Una signora romana di 77 anni, pensionata e vedova, conosciuto sui social un uomo misterioso, tale Mark Orion, che le ha giurato amore eterno, pur non avendolo mai visto, nel giro di sette mesi gli ha girato 40 mila euro, prima con la Western Union, poi con dei bonifici. Aveva persino chiesto un prestito in banca per potergli inviare altro denaro. È stata la figlia della donna a scoprire tutto. La procura ha aperto un’inchiesta per circonvenzione [Mess].

Molte di queste persone hanno famiglia, figli, non sono, poi, così sole.

«Questo non vuol dire niente. Puoi sentirti solo a cena con tutta la famiglia, puoi sentirti solo seduto sul divano accanto a tuo marito, sapere che non puoi parlare di certe cose. È una sorta di condanna, a volte, la famiglia.

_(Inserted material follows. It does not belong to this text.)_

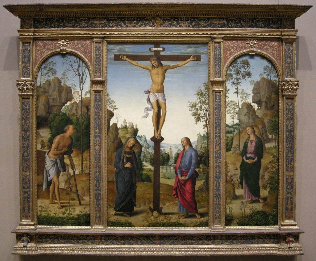 制作年である1496年というと、前述したラファエロが工房に訪れた頃であり、ローマ招聘での大仕事を終え、人気が最高潮に達していた時期の作品です。所蔵はウンブリア国立美術館ですが、ウンブリアといえば、前述した「ウンブリア派」が開花土地でもあります。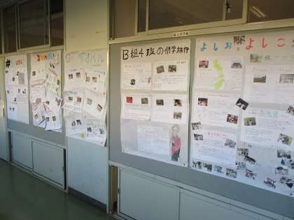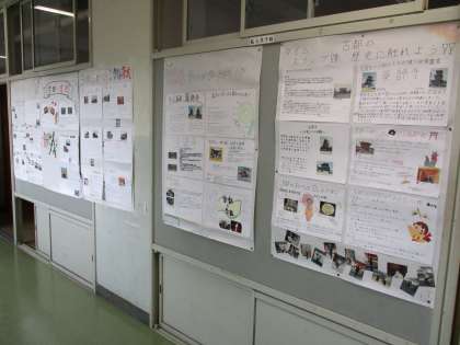 3年生の廊下には事後学習の班新聞が貼ってあります。

C’è gente che non comunica da anni le proprie emozioni».

È un fenomeno tutto moderno?

«Le mamme e le nonne non vivevano di queste cose, primo perché non c’erano i computer, il virtuale, e poi perché avevano una qualità di vita, forse peggiore, ma che era piena di tante cose: figli da curare, spesa da fare, era molto più duro vivere».

Anche in quegli anni si sognavano passioni e amori.

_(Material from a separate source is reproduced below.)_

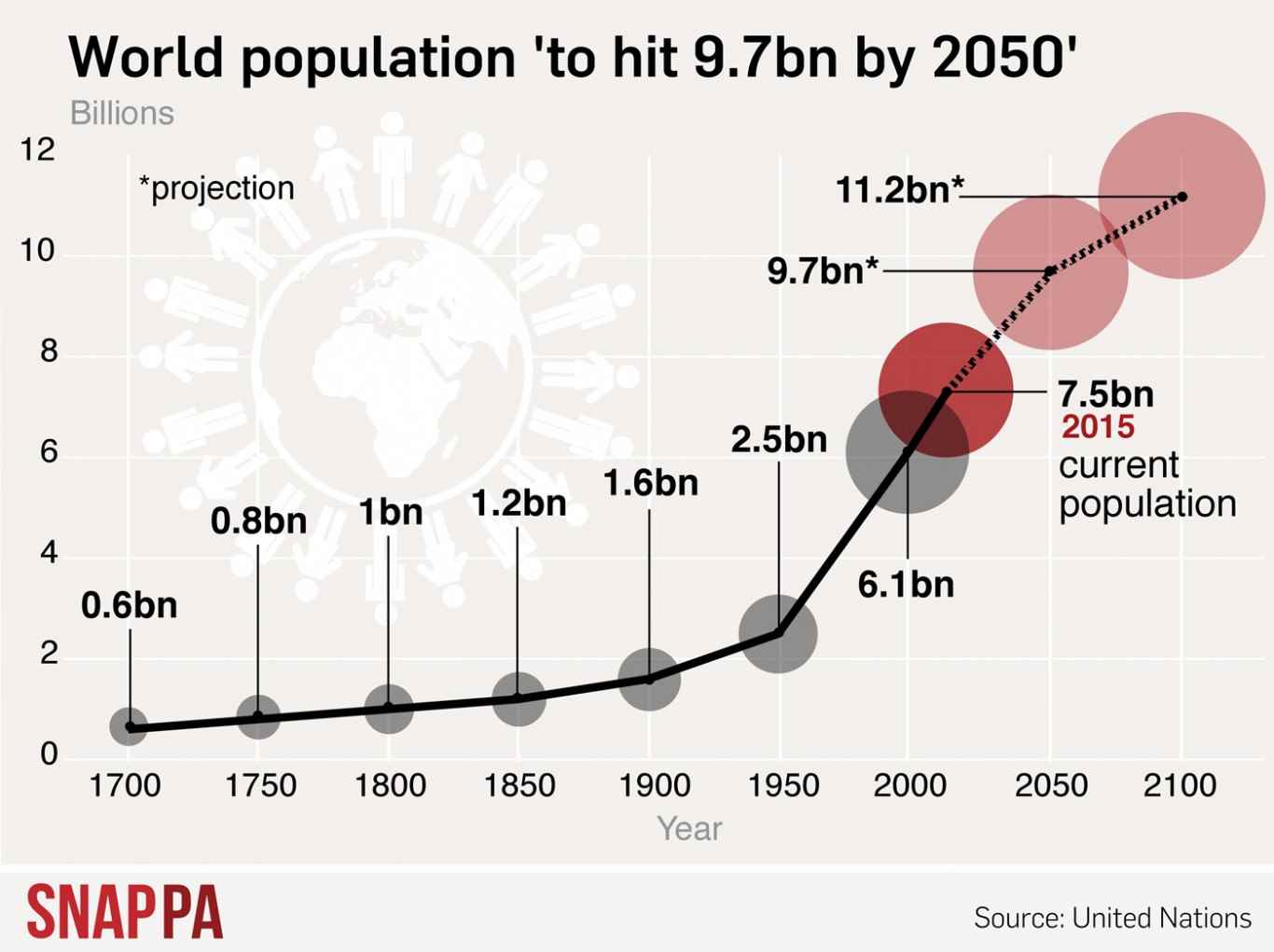 ලෝක ජනගහනය 2050 වසර වනවිට බිලියන 9.7කට ආසන්න වනු ඇති බව එක්සත් ජාතීන්ගේ සංවිධානය නිකුත් කළ නවතම වාර්තාවක දැක්වේ.

«Sì, ma la tua passione rimaneva ferma al manifesto della ragazza in bikini. E quando tornavi a casa, tutto rientrava nella routine. Non pensavi certo di contattarla. Ora tutto sembra possibile ed è diventata tanta la gente che vive più nel virtuale che nel reale. Puoi avere una bella macchina, bei vestiti, però poi torni a casa e non c’è nulla che riesca a emozionarti» [Paolo Crepet, 70 anni, psichiatra, a C. Man., Mess].

«Se da calciatore dici che sei gay, sei morto. Ricordo che una volta venne una persona a parlare di omosessualità alla squadra. Certi colleghi dissero che l’omosessualità era contro la loro religione e che se c’era un gay in spogliatoio bisognava cacciarlo dal club. Io ho giocato con gay, ne hanno parlato con me, da soli, perché hanno paura di aprirsi pubblicamente. Ci sono almeno due gay per squadra. Ma nel calcio se lo dici sei finito» (l’ex calciatore francese Patric Evra, 40 anni, in un incontro con i lettori del quotidiano Le Parisien).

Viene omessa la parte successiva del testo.